I am trying to wok with a audio-text pair dataset from huggingface (https://huggingface.co/datasets/MLCommons/peoples_speech). Since the dataset is large, I wish to stream it and use it as an iterable.
dataset = load_dataset("MLCommons/peoples_speech", split='train', streaming=True)

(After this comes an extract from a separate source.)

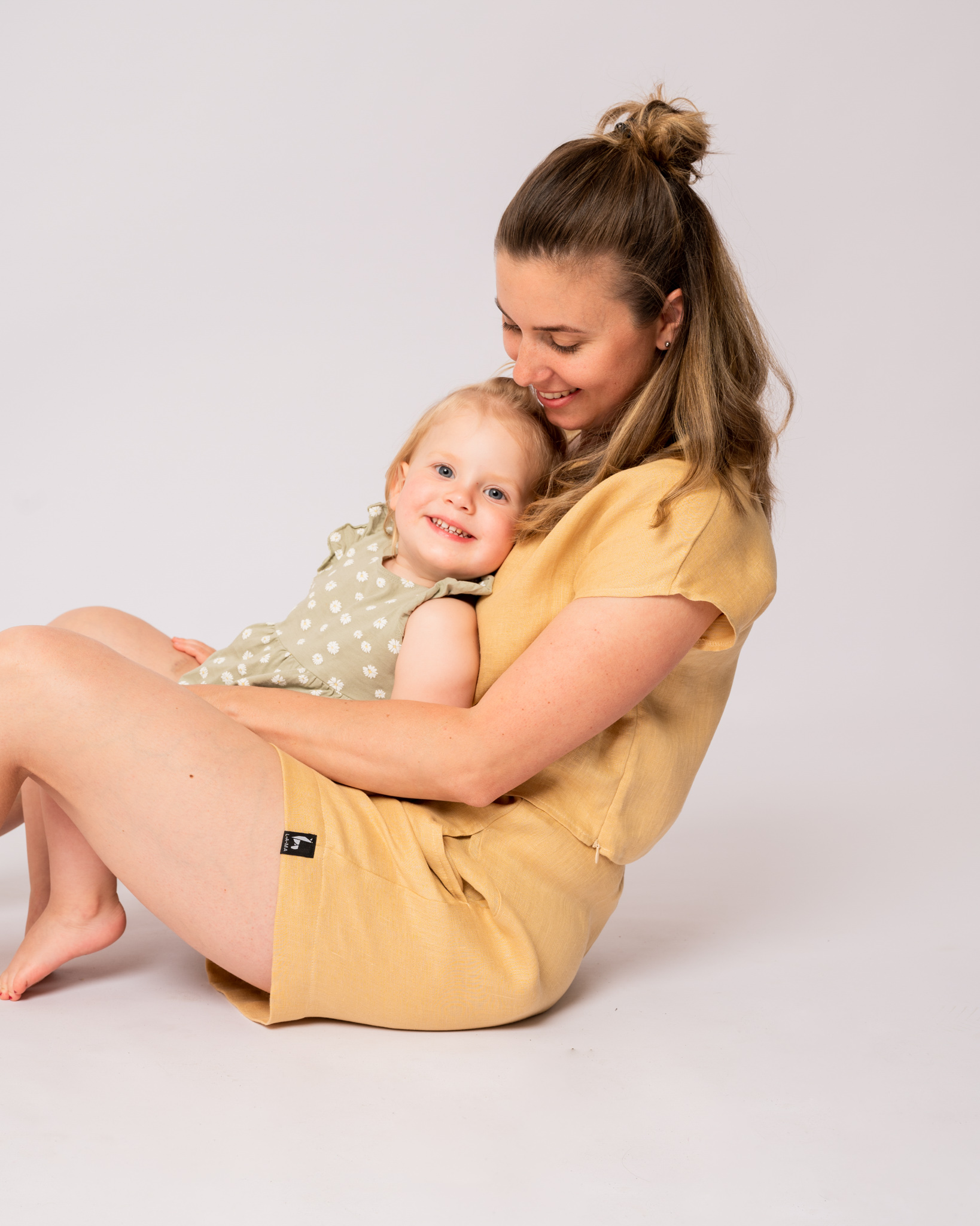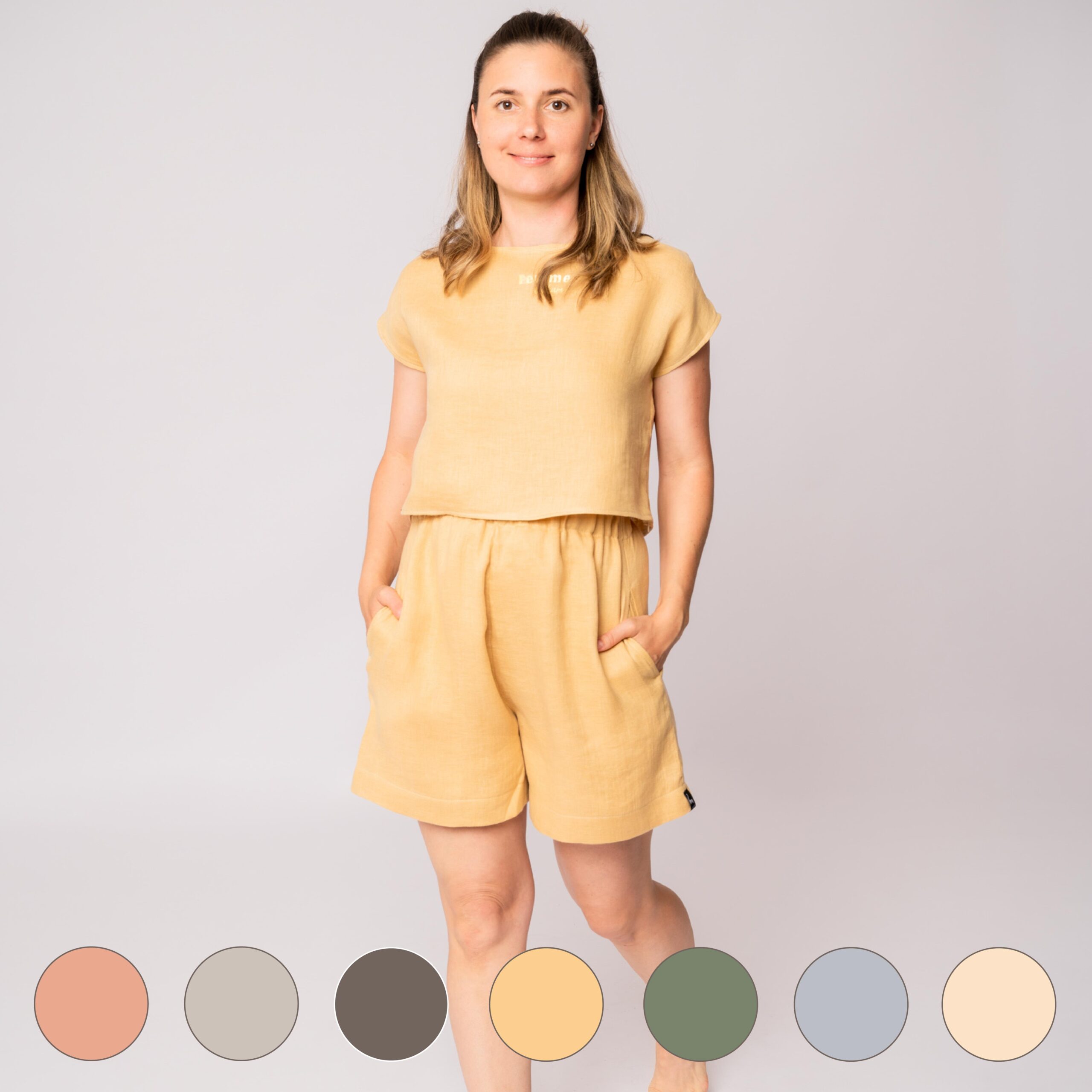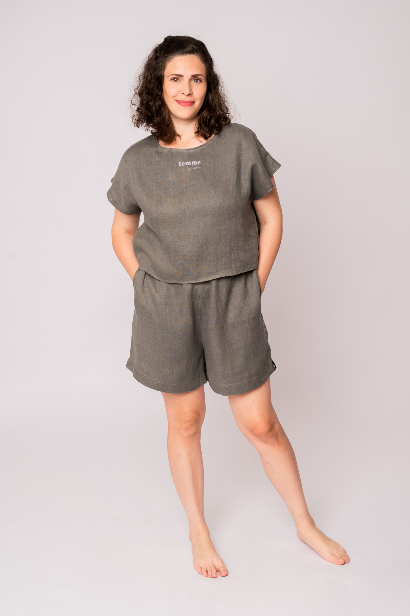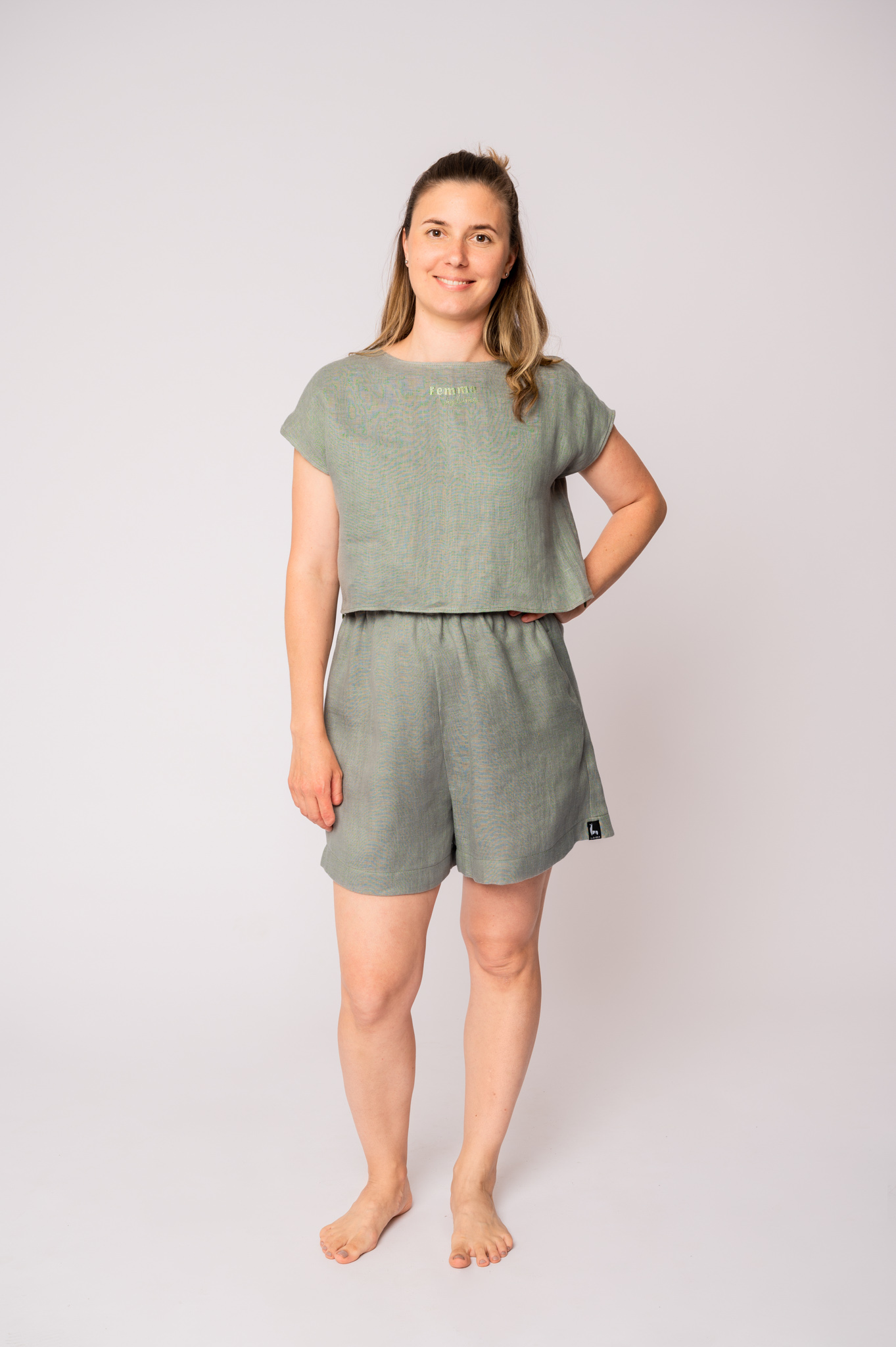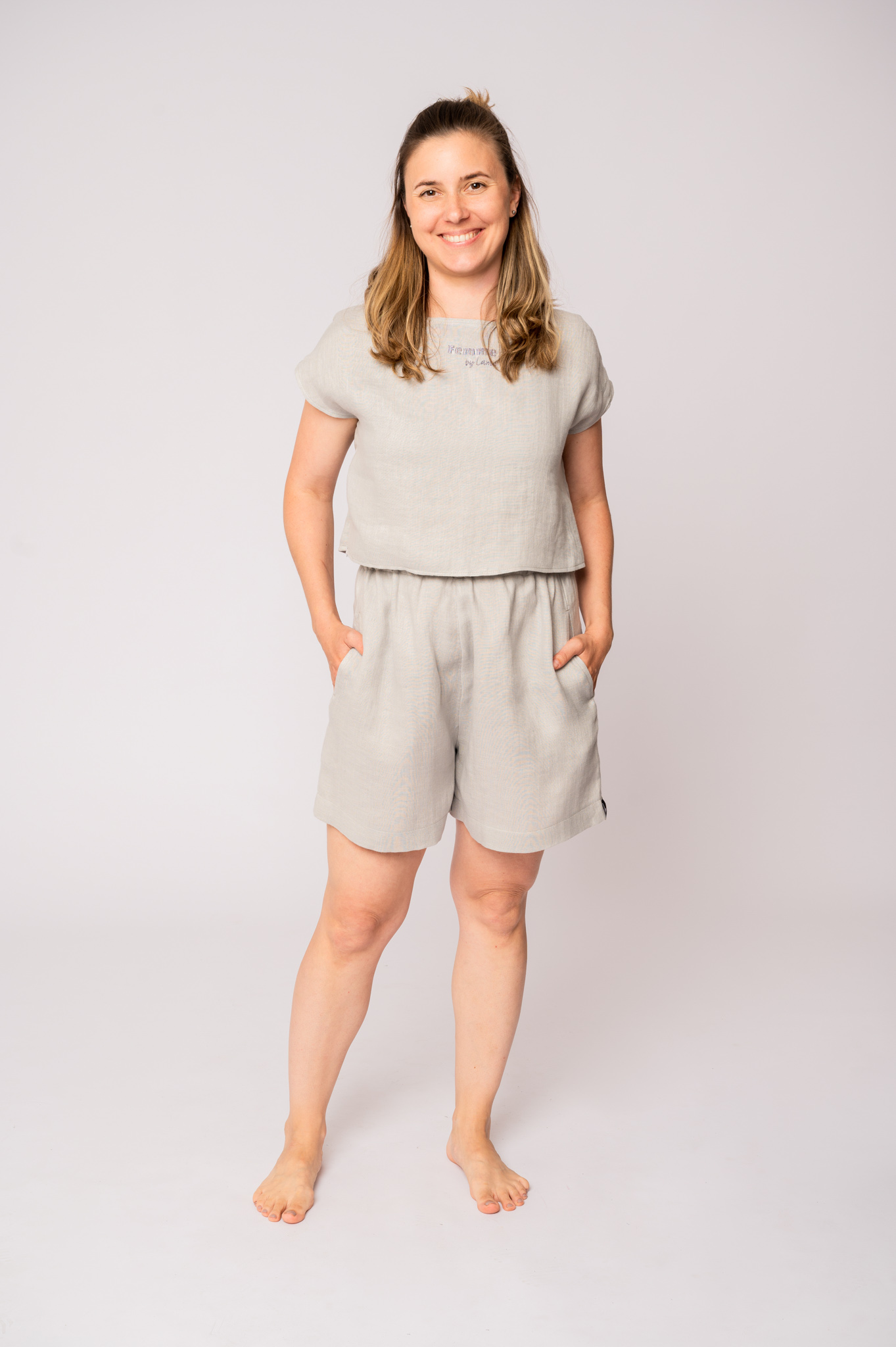 Kraťasy s vysokým pásom a k tomu štýlový Croptop. Tento set vyrobený z predpraného ľanu bude v lete vašou druhou kožou. Výhody ľanu asi nemusíme spomínať… ale predsa aspoň zopár z nich. Ľan je prírodný materiál, je antibakteriálny, ľahký, vzdušný a príjemne chladí. Tento materiál dokonale doplnil našu rodinu udržateľných materiálov v novej kolekcii Femme by Lama. Croptop sme vyšperkovali o jedinečnú výšivku na hrudi a pre pohodlné dojčenie aj krytými zipsami pod pazuchami. Kraťasy sú ušité v pohodlnom, voľnom strihu.

dataset = dataset.take(10)
The dataset is an iterable with elements as dictionary as follows:
{'id': '07282016HFUUforum_SLASH_07-28-2016_HFUUforum_DOT_mp3_00000.flac', 'audio': {'path': '07282016HFUUforum_SLASH_07-28-2016_HFUUforum_DOT_mp3_00000.flac', 'array': array([ 0.14205933, 0.20620728, 0.27151489, ..., 0.00402832,
-0.00628662, -0.01422119]), 'sampling_rate': 16000}, 'duration_ms': 14920, 'text': "i wanted this to share a few things but i'm going to not share as much as i wanted to share because we are starting late i'd like to get this thing going so we all get home at a decent hour this this election is very important to"}
I can get the text with the key ['text']; but I am not sure how to get the audio file? There is a path within the 'audio' key ; but I don't know how to use this path. Is there any way I can download and save the audio file and then later use it in my python script. I wish to give this .flac file to an audio encoder after converting it into .wav format.